With the pictures removed, write out the data below exactly.

SUPPLIED INFORMATION
⁂

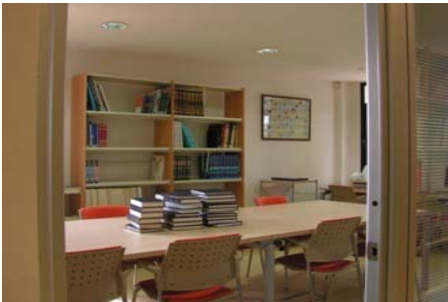
Εσωτερικός χώρος της Δημοτικής Βιβλιοθήκης Λακατάμιας
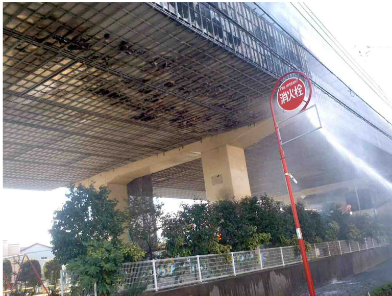
足場焼損状況(高架下から)
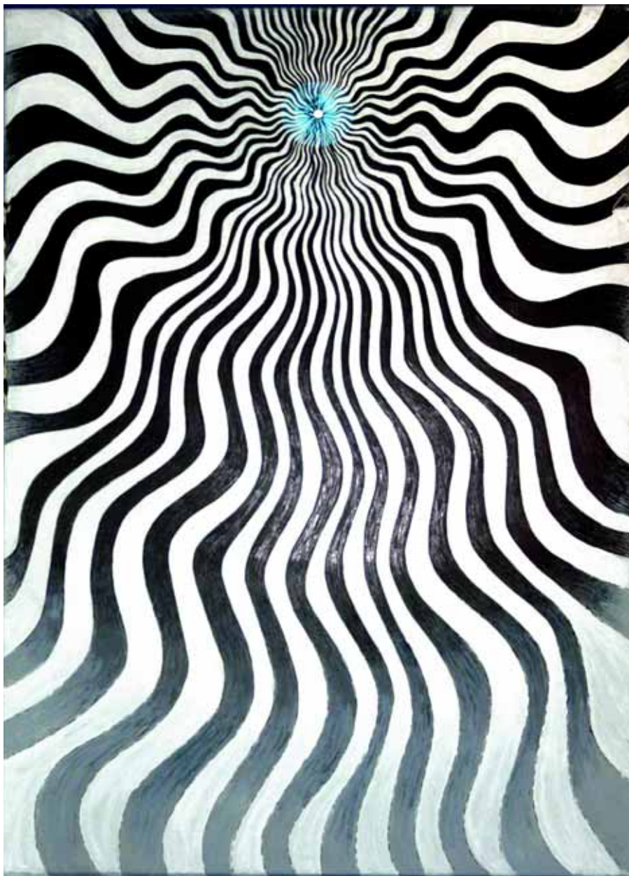
Tableau-sculpture - Côté PILE (VERSO)

⁂

RESULT OF THIS TASK
Εσωτερικός χώρος της Δημοτικής Βιβλιοθήκης Λακατάμιας
足場焼損状況(高架下から)
Tableau-sculpture - Côté PILE (VERSO)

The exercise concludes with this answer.